Train Again is yet another bold, precise, and transcendental work from Peter Tscherkassky.


As InRO contributor Brendan Nagle once observed, the image — 24 of them needed per second to produce the illusion of movement and also produce sound — of a charging train has certainly been linked to the birth of cinema with L’Arrivée d’un train en gare de La Ciotat in 1896, but perhaps the legacy the Lumière brothers’ locomotive has become more known for is the historically inaccurate hoopla regarding audience members being absolute dumbasses for thinking they were about to be run over by a train. This myth’s endurance and popularity over the years isn’t surprising, considering the romantic notions such a fable provides: that of spectators being so instinctually moved and astonished by what they were witnessing that they wholesale believed the supposed fiction on screen. More importantly, it speaks to the general power of cinema’s instinctive nature to teach: these viewers had never seen moving images before in their lives, and had to thus become accustomed to how to actually watch them.

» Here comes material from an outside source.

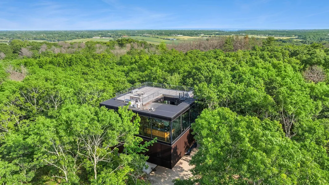 Secreted on 10 acres within a hidden, private Hamptons enclave, minutes from three of the most coveted East End villages, discover "SkyBox": a once-in-a-lifetime opportunity to live in a secluded, published work of modern art, an artist compound like no other. This award-winning Water Mill creation, by the world-renowned team at 1100 Architect, is a hillside sculpture floating effortlessly on close to 10 acres of the highest elevation anywhere in eastern Long Island, affording 360-degree views of lush farmland, the polo fields and the Atlantic Ocean. The home has 4 bedroom suites over three levels of carefully considered details and views from every window. The property also includes a sculptural pool pavilion and a professional clay tennis court that seem to emerge from their natural surroundingsm, plus there is potential opportunity for subdivision. SkyBox, with all its sylvan wonder and jaw-dropping views, refers directly to the Hamptons' history as a retreat for artists and creatives of all kinds. Now you can be one of them. SkyBox spreads out over two floors plus a foyer level, each floor becoming more lavish as you ascend towards the crowning jewel of the rooftop deck. The entry impresses with curved architectural elements, and this floor also encompasses a sophisticated thousand-bottle wine room with integrated tasting table plus laundry and a windowed flex space for a potential gym/4th bedroom. The bedroom level has a spacious primary suite with a separate dressing area and steam spa shower. There is a light-filled landing with a fabulous gallery lounge/media den, plus two spacious ensuite guest bedrooms, currently being used as art studio spaces. This floor is wrapped in an ingenious exterior fiberglass screening, filtering the light gorgeously. The floating staircase takes you up to a truly stunning upper living level, surrounded by floor-to-ceiling windows with motorized sun shades; there are treetop sky & water views in every direction. The central atrium provides dramatic interest, leading to a conversation den, the great room and formal dining. The open kitchen with breakfast nook has built-in cabinetry & luxury appliances. A spiral atrium stair is your portal to the rooftop deck, the ultimate feature of Skybox, with unbelievable panoramic ocean views, a built-in wet bar, and 560 square feet of entertaining space. Other areas of the property include the masterful pool pavilion, also designed by 1100 Architect, beautifully incorporating warm wood with the steel pergola and 15x50 heated Gunite infinity pool and separate spa, evoking a timeless feel of California modernism. There is a chic full pool bath here as well as a separate cabana lounge, outdoor kitchen, & fire pit. Just beyond lies the Har-Tru tennis court with courtside lounge, and a freestanding two-car garage. By far, this is the best value in the Hamptons for improved land with significant architectural pedigree, priced far below replacement value. Extensive expansion potential. The location is an East End trifecta: easy access to three prime villages, ocean and bay beaches, and farm fields. Living at SkyBox is like living in a breathtaking work of modern art: now it can be yours.
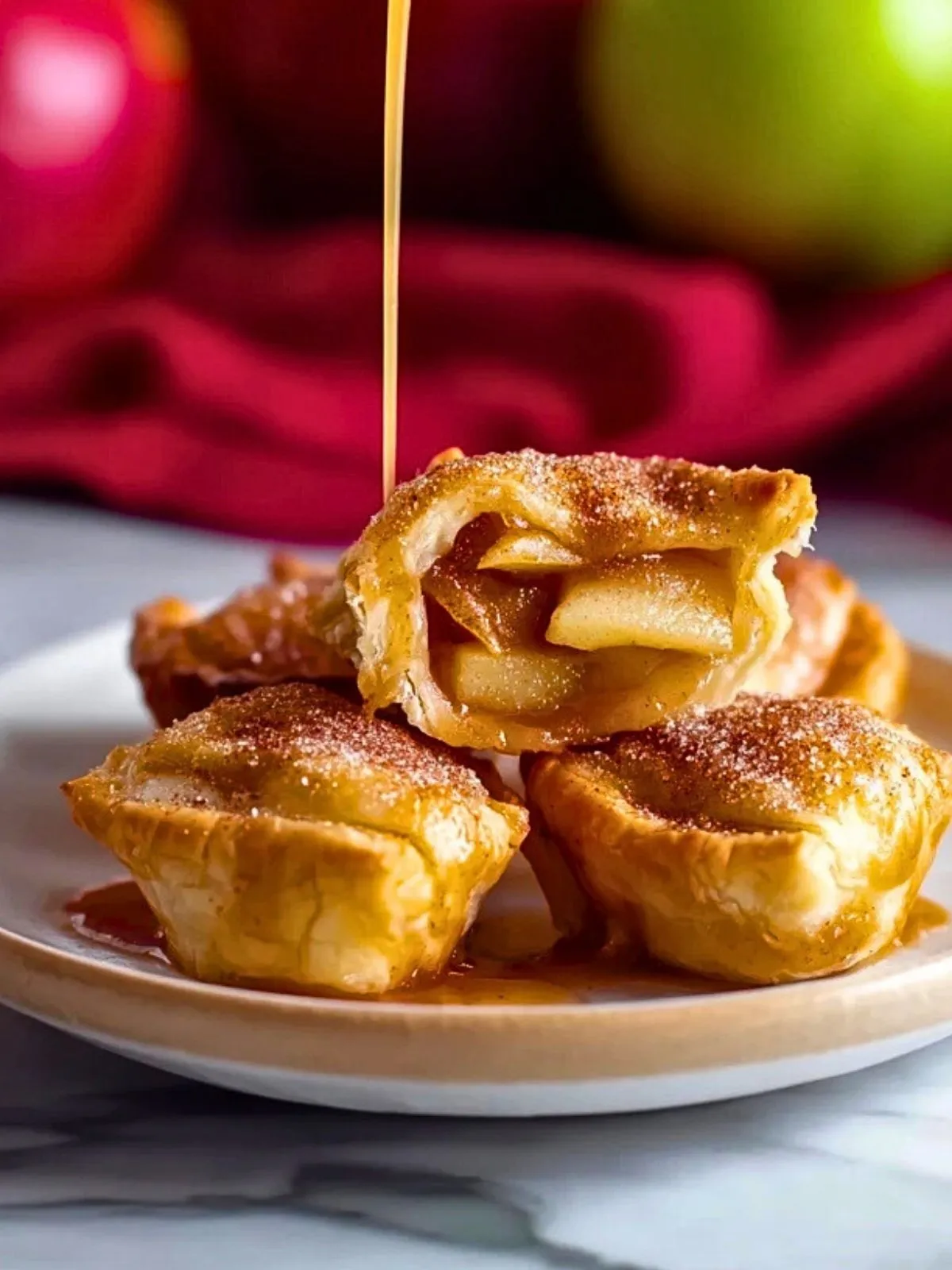 Besonders in der kälteren Jahreszeit gibt es kaum etwas Besseres als den Duft von gebackenen Äpfeln und Zimt, der durch die Küche zieht. Die Häppchen eignen sich ideal für spontane Gäste, als Mitbringsel oder als süßer Snack zum Nachmittagskaffee. Ein Klecks Karamellsoße obendrauf macht sie unwiderstehlich.

It’s from this pedagogical inception point in history that Peter Tscherkassky — surely the finest Austrian avant-garde moving image artist currently working; watch the haunting Outer Space and then try producing another name — has recaptured this feeling of ecstatic discovery with Train Again, albeit with more modern techniques and technological apparatuses. He’s still using celluloid film like the Lumières, but he hasn’t done any filming himself — instead, Tscherkassky exclusively assembles found footage from a variety of media sources and submits it to a meticulous re-exposure process in a darkroom, all before transferring his final project to digital. It’s been six years since his last short, 2015’s The Exquisite Corpus, and the attention to detail displayed in Train Again immediately makes one aware of its prolonged creative gestation period and materialist inclinations — one of many dazzling moments includes a sequence of multiple overlapping film strips that race over one another, swerving left and right on the screen to create a sequenced pattern comprised of kino — while also effectively structuring itself toward its own perpetual internal collision of sorts with a rapid editing style that initially suggests impulsiveness. Tscherkassky’s images here are what we’ve come to expect from him by this point in his over four-decade career as a master chemist of photochemical means: beautiful, aesthetically impressive, transcendental, and where the compact, overwhelming onslaught of montage is always commendable for just how stimulating the end results are. But it’s long-time collaborator Dirk Schaefer’s discordant score that intensifies the experience nearly past its breaking point, best experienced in the final movement which brings everything to a shrieking crash: looping one 10-second scene of flying wheat grain mixed with scraps of metal from Unstoppable (another fine flick about choo-choos) and visually and aurally layering as many versions of said scene on top of one another, the duo achieve harmony through shrill derangement. Even after all of that, things never actually fly off the rails: much like a well-oiled machine wherein the internal mechanics have been made transparent before our very eyes, we return to our starting image in cyclical fashion, not unlike the slow crawl to a final stop on an especially long railroad line.

You can currently stream Peter Tscherkassky’s Train Again on Mubi.